Custom metrics have access to this.llm (the configured LLM provider) for making evaluation calls. Agentest calls setLLM() automatically before evaluation begins.


CLI

# Run all scenarios
npx agentest run

# Custom config file (TypeScript or YAML)
npx agentest run --config path/to/config.ts
npx agentest run --config agentest.config.yaml

# Different working directory
npx agentest run --cwd ./packages/my-agent

# Filter scenarios by name (case-insensitive substring match)
npx agentest run --scenario "booking"
npx agentest run --scenario "cancel"

# Print full conversation transcripts
npx agentest run --verbose

# Watch mode — re-run on file changes
npx agentest run --watch
npx agentest run -w

# Combine flags
npx agentest run --watch --verbose --scenario "booking"

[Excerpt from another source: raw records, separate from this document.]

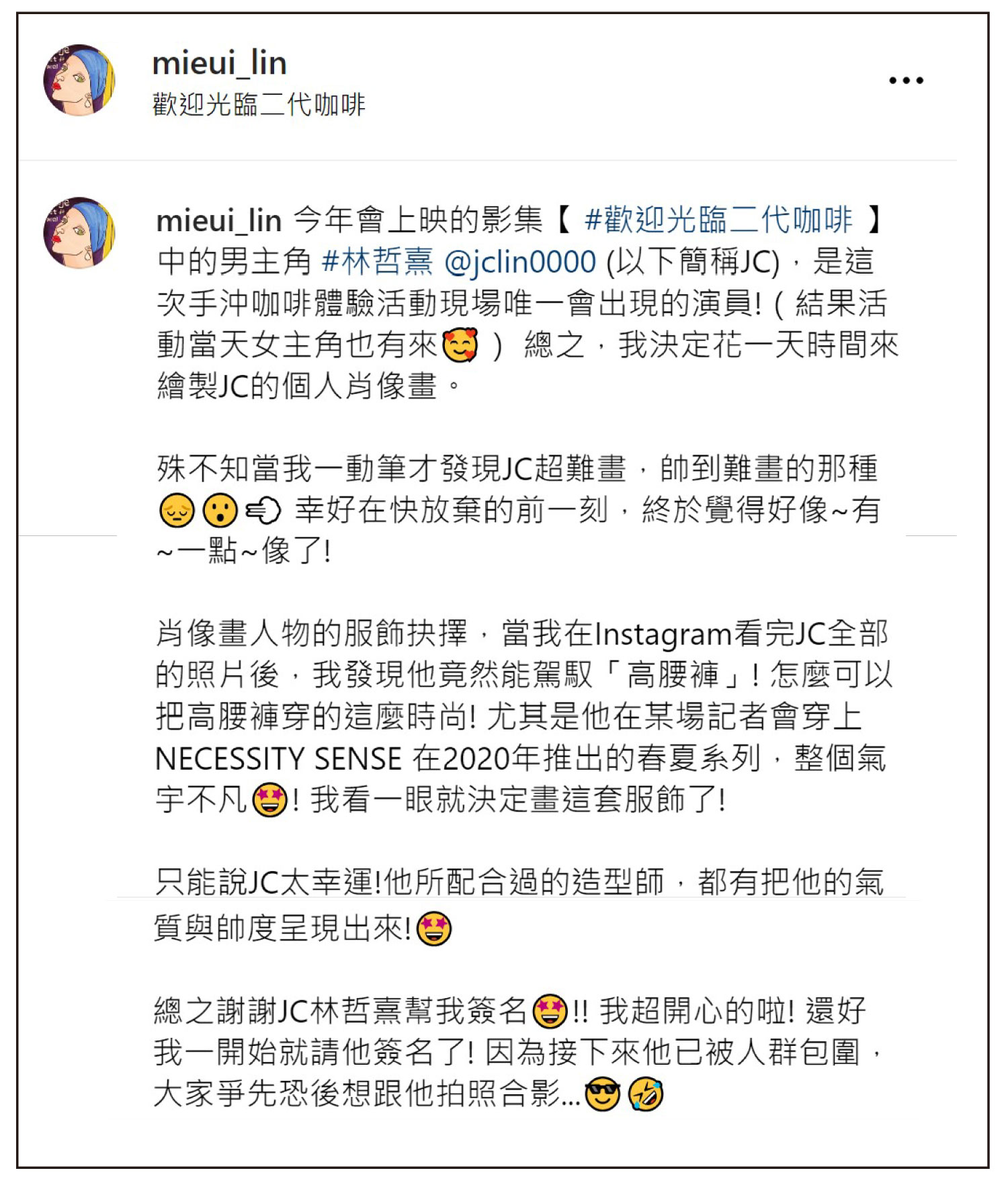 2023年3月,我很高興受到主辦單位邀請,有幸參與由林哲熹主演的影集《歡迎光臨 二代咖啡》見面會 ((延伸閱讀 ── 詳細文章))。搞剛的我特地前一天熬夜畫一張林哲熹的肖像畫送給他,順便索取簽名😍🤩🤩🤩🤩!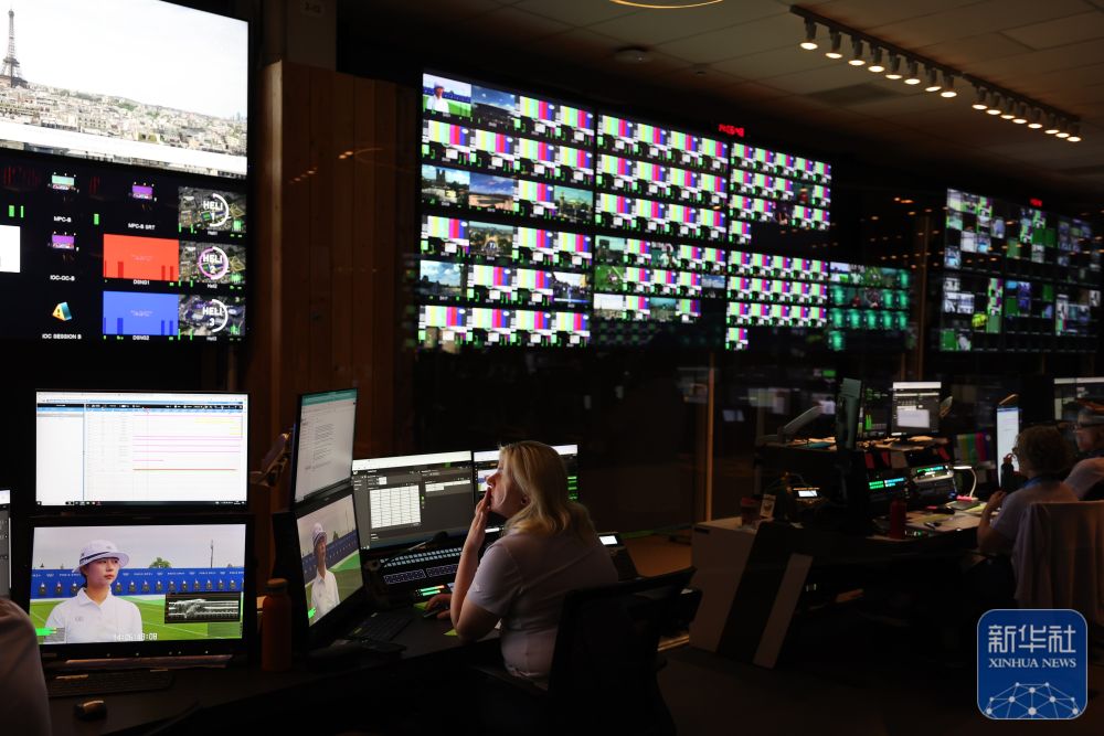 工作人員在奧林匹克廣播服務公司轉播技術中心工作(2024年7月25日攝)。 阿裏雲(yun) 與(yu) 奧林匹克廣播服務公司(OBS)共同打造的OBS Cloud成為(wei) 巴黎奧運全球轉播的重要基礎設施。 新華社記者 黃宗治 攝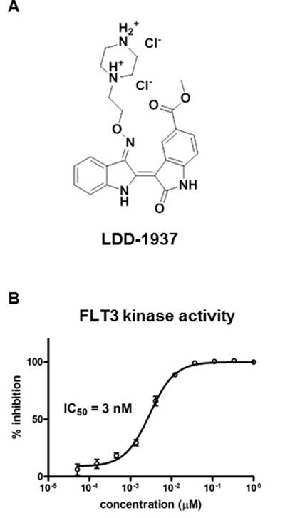 Figure 1: Structure of LDD1937 and its inhibitory effect on the FLT3 kinase activity. (A) Chemical structure of LDD1937 (B) Effect of LDD1937 on the in vitro FLT3 kinase activity. Inhibition of kinase activity of recombinant FLT3 was measured with the HTRF assay. Kinase inhibition was calculated with 1% DMSO as a negative control. Data are the mean ± SEM of three independent experiments.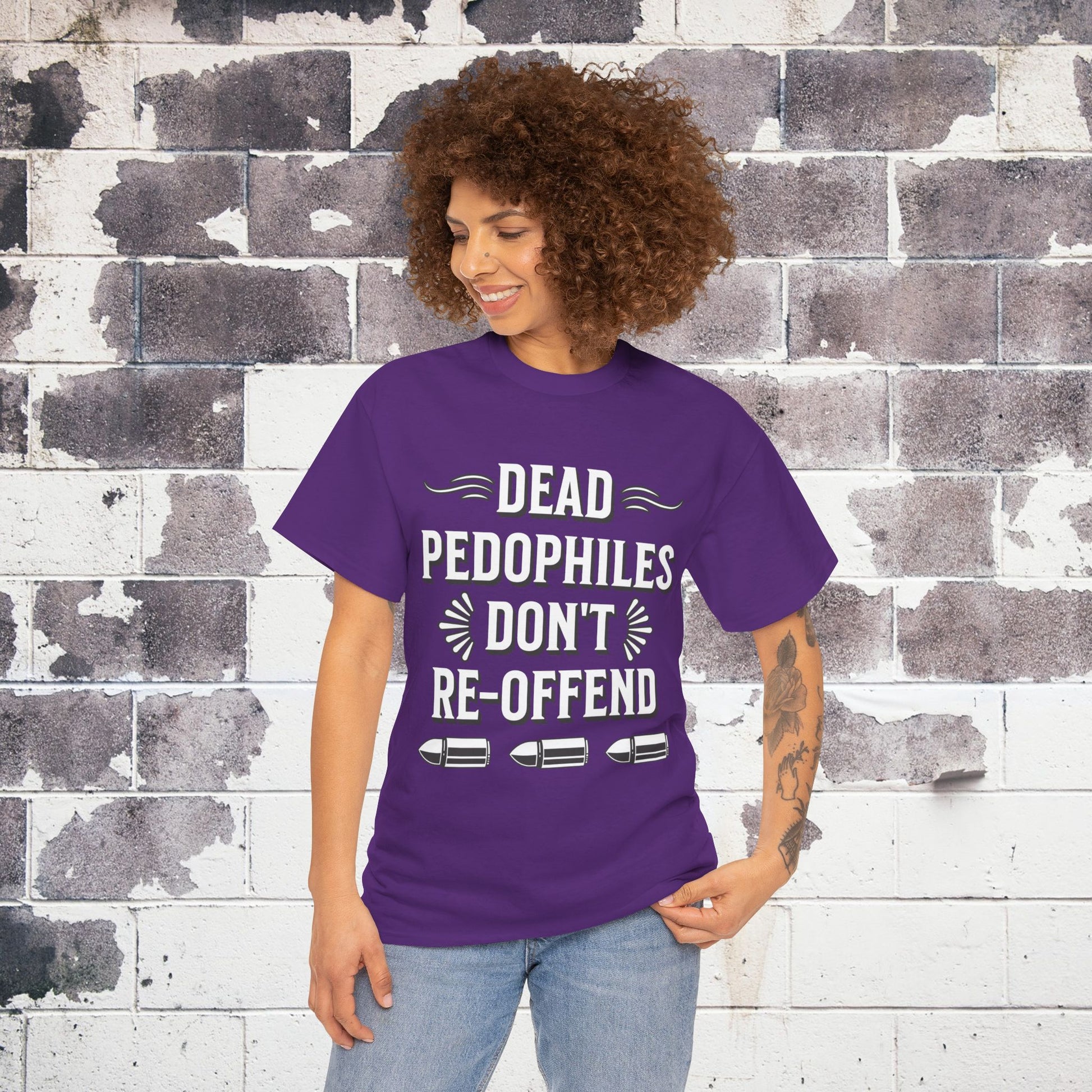 Dead Pedophiles Don't Re-Offend Statement Tee, Casual Wear, Awareness Apparel, Adult Humor, Sarcastic T-Shirt

# Inspect the LLM judge prompts used for evaluation
npx agentest show-prompts

# Show a specific metric's prompt
npx agentest show-prompts --metric helpfulness
npx agentest show-prompts --metric agent_behavior_failure

Exit codes:

  • 0 — all scenarios passed
  • 1 — one or more scenarios failed, or no scenarios found

Available prompts for show-prompts: helpfulness, coherence, relevance, faithfulness, verbosity, goal_completion, agent_behavior_failure, tool_call_behavior_failure, error_deduplication


YAML Config

Agentest supports YAML config files as an alternative to TypeScript. Place agentest.config.yaml (or .yml) in your project root — it's auto-detected.

agent:
  name: support-bot
  endpoint: http://localhost:3000/api/chat
  headers:
    Authorization: Bearer ${AGENT_API_KEY}
  body:
    model: gpt-4o
    temperature: 0.7

provider: anthropic
model: claude-sonnet-4-20250514

conversationsPerScenario: 5
maxTurns: 10
concurrency: 10

thresholds:
  helpfulness: 3.5
  goal_completion: 0.8

reporters:
  - console
  - json

YAML configs go through the same validation and environment variable interpolation as TypeScript configs. The only difference is that type: 'custom' agents with handler functions are not possible in YAML (since YAML can't express functions) — use TypeScript for those.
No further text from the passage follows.